→ **Records from a collection**:
((

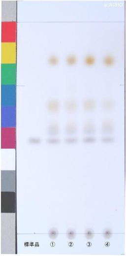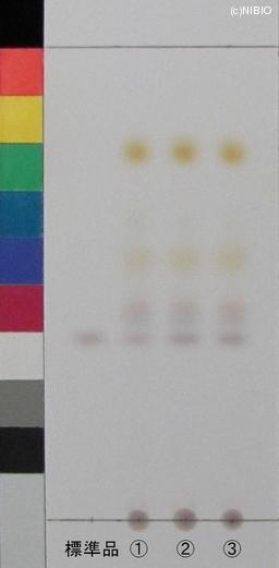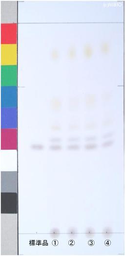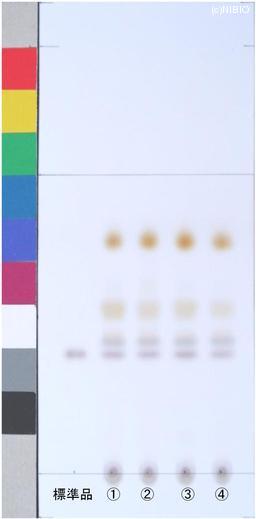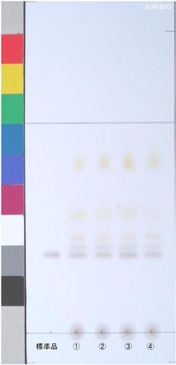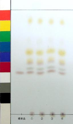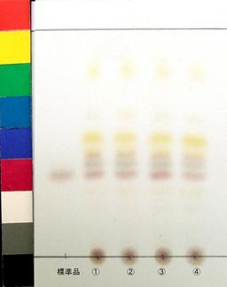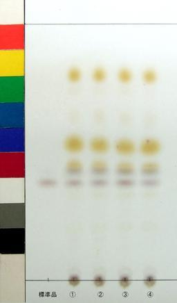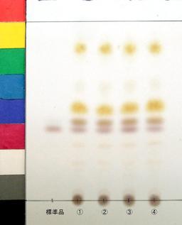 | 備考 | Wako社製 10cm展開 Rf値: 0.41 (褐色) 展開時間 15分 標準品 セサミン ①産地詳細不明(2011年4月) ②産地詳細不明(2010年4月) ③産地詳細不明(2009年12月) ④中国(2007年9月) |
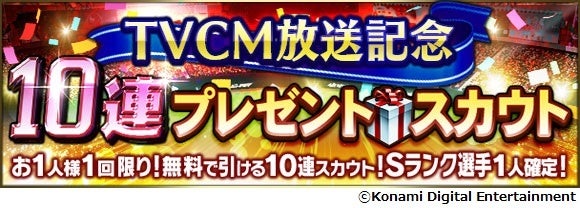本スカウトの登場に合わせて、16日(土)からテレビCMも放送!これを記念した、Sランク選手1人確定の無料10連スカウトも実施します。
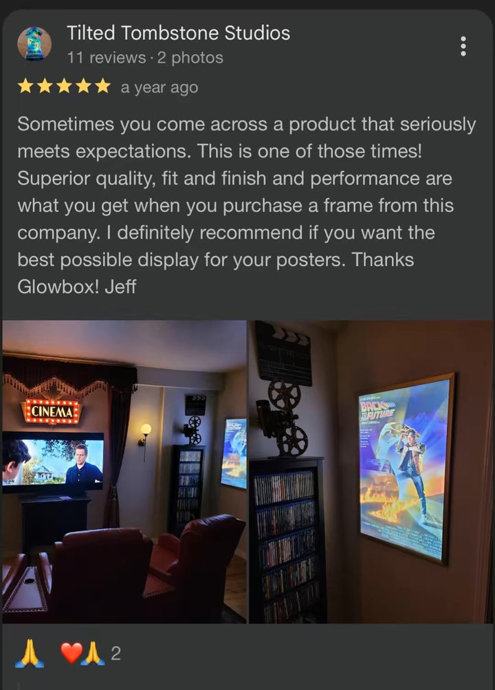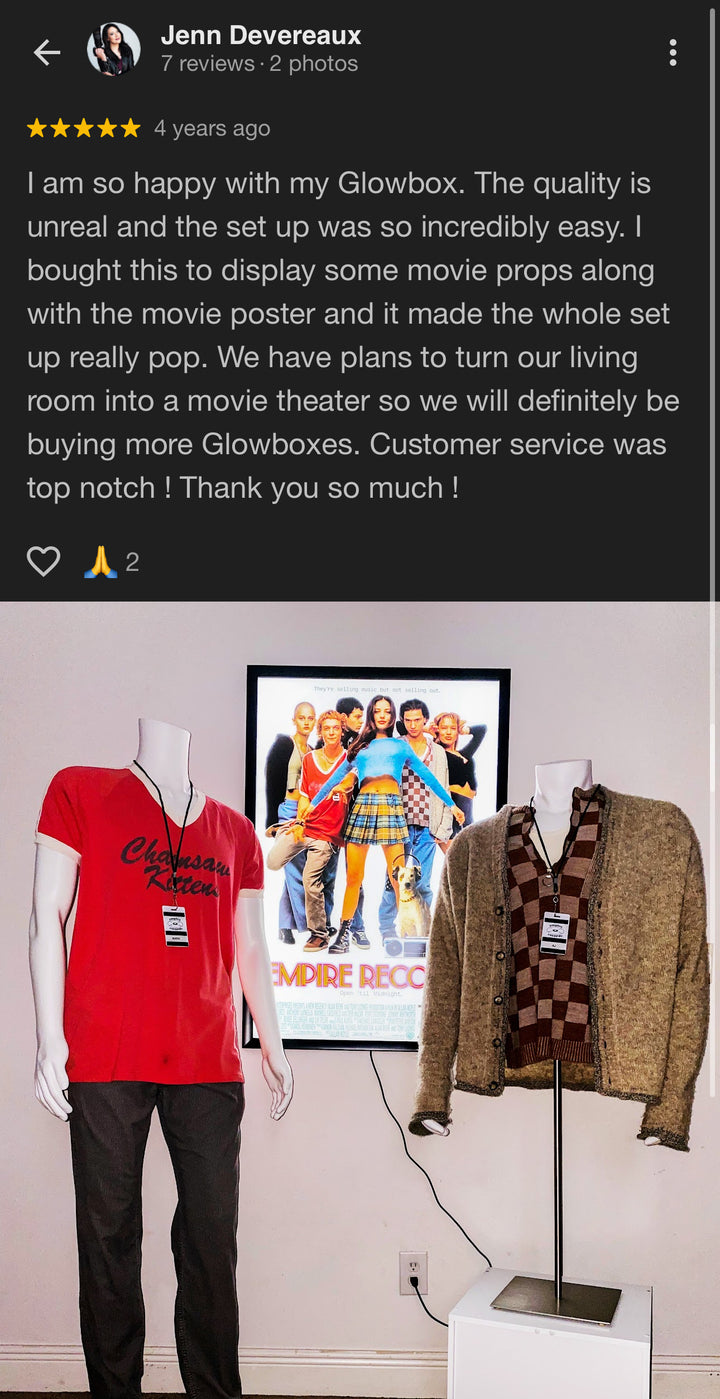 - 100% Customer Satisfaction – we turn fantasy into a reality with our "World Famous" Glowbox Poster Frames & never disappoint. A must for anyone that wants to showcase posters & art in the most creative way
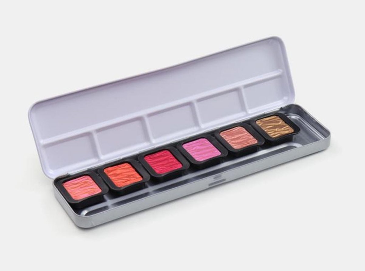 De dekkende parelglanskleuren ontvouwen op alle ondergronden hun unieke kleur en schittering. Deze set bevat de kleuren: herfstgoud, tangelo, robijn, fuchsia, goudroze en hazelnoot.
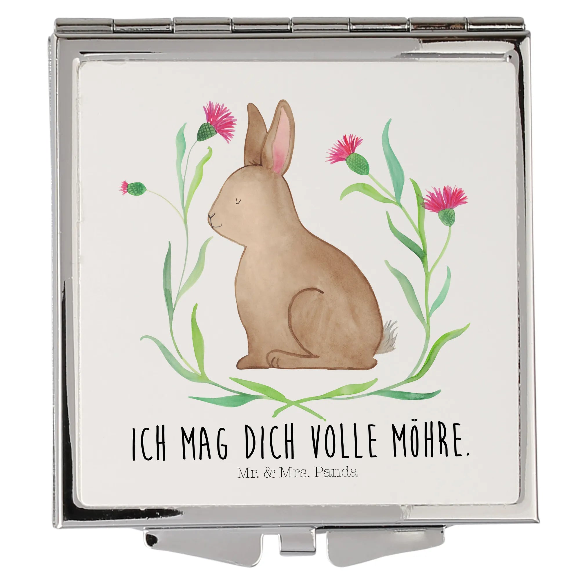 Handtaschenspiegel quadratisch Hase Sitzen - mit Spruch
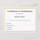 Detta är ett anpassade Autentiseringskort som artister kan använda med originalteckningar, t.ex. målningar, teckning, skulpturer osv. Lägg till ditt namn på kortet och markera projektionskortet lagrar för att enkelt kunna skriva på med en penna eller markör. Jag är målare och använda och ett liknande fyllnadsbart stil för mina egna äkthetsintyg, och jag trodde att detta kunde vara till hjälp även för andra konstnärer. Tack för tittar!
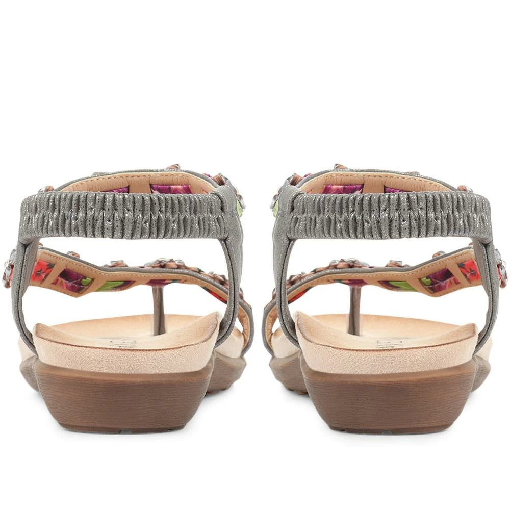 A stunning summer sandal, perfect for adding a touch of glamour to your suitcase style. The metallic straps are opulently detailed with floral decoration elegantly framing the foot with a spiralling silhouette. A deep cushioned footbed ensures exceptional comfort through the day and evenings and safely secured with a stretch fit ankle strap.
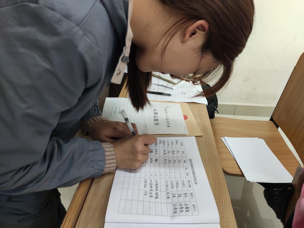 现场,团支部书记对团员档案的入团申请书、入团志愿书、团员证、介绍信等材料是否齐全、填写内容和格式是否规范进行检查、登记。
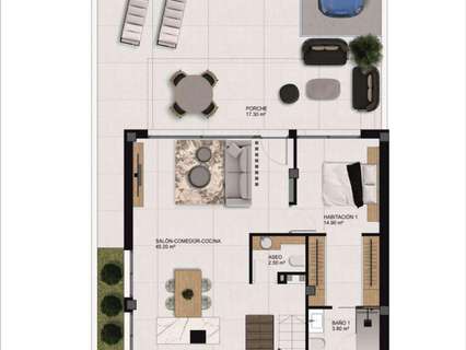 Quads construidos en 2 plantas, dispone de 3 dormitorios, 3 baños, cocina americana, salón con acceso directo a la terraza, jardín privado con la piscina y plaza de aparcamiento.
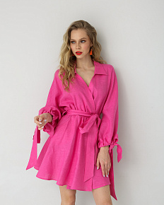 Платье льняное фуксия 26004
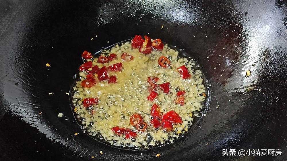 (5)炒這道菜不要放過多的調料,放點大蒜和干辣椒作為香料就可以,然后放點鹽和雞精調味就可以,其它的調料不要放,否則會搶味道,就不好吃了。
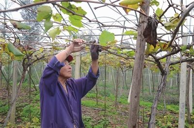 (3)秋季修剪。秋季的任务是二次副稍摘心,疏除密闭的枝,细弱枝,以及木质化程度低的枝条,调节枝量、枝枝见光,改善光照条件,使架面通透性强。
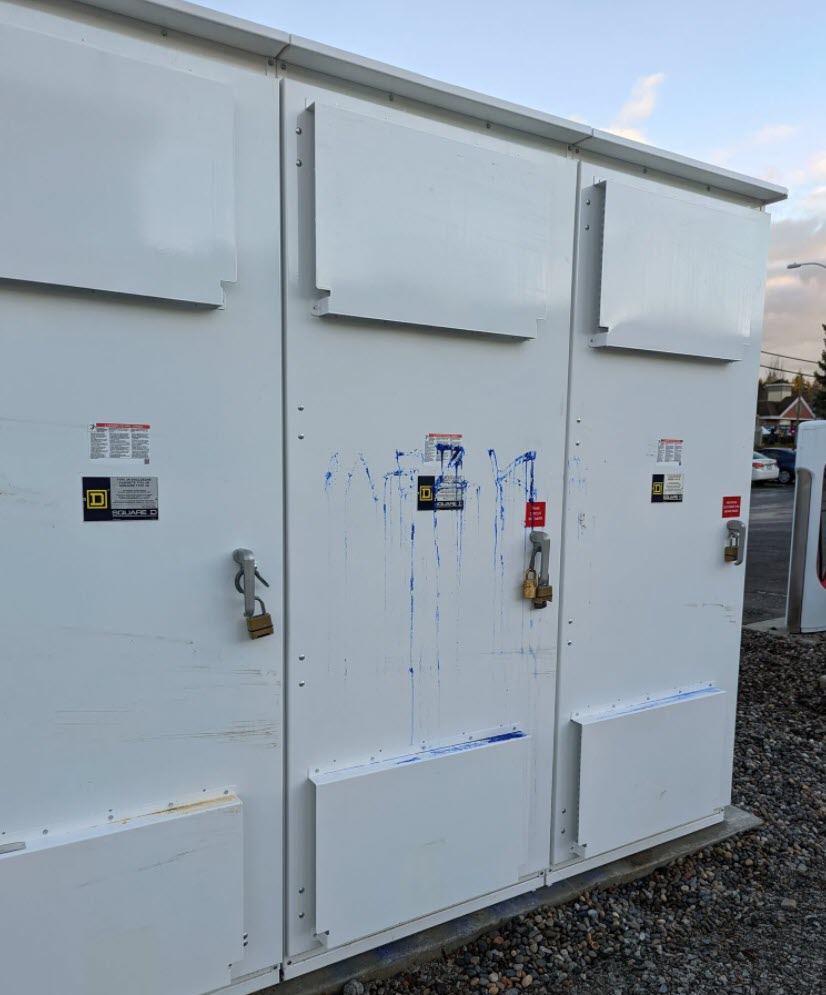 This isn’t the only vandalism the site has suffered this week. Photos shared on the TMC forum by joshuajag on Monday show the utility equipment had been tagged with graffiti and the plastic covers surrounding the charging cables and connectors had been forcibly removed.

))

→ **TASK DETAILS**: Pictures are to be left out; all else in the entries above is to be quoted exactly.

→ **RESPONSE AREA**:
 | 備考 | Wako社製 10cm展開 Rf値: 0.41 (褐色) 展開時間 15分 標準品 セサミン ①産地詳細不明(2011年4月) ②産地詳細不明(2010年4月) ③産地詳細不明(2009年12月) ④中国(2007年9月) |
本スカウトの登場に合わせて、16日(土)からテレビCMも放送!これを記念した、Sランク選手1人確定の無料10連スカウトも実施します。
 - 100% Customer Satisfaction – we turn fantasy into a reality with our "World Famous" Glowbox Poster Frames & never disappoint. A must for anyone that wants to showcase posters & art in the most creative way
 De dekkende parelglanskleuren ontvouwen op alle ondergronden hun unieke kleur en schittering. Deze set bevat de kleuren: herfstgoud, tangelo, robijn, fuchsia, goudroze en hazelnoot.
 Handtaschenspiegel quadratisch Hase Sitzen - mit Spruch
 Detta är ett anpassade Autentiseringskort som artister kan använda med originalteckningar, t.ex. målningar, teckning, skulpturer osv. Lägg till ditt namn på kortet och markera projektionskortet lagrar för att enkelt kunna skriva på med en penna eller markör. Jag är målare och använda och ett liknande fyllnadsbart stil för mina egna äkthetsintyg, och jag trodde att detta kunde vara till hjälp även för andra konstnärer. Tack för tittar!
 A stunning summer sandal, perfect for adding a touch of glamour to your suitcase style. The metallic straps are opulently detailed with floral decoration elegantly framing the foot with a spiralling silhouette. A deep cushioned footbed ensures exceptional comfort through the day and evenings and safely secured with a stretch fit ankle strap.
 现场,团支部书记对团员档案的入团申请书、入团志愿书、团员证、介绍信等材料是否齐全、填写内容和格式是否规范进行检查、登记。
 Quads construidos en 2 plantas, dispone de 3 dormitorios, 3 baños, cocina americana, salón con acceso directo a la terraza, jardín privado con la piscina y plaza de aparcamiento.
 Платье льняное фуксия 26004
 (5)炒這道菜不要放過多的調料,放點大蒜和干辣椒作為香料就可以,然后放點鹽和雞精調味就可以,其它的調料不要放,否則會搶味道,就不好吃了。
 (3)秋季修剪。秋季的任务是二次副稍摘心,疏除密闭的枝,细弱枝,以及木质化程度低的枝条,调节枝量、枝枝见光,改善光照条件,使架面通透性强。
 This isn’t the only vandalism the site has suffered this week. Photos shared on the TMC forum by joshuajag on Monday show the utility equipment had been tagged with graffiti and the plastic covers surrounding the charging cables and connectors had been forcibly removed.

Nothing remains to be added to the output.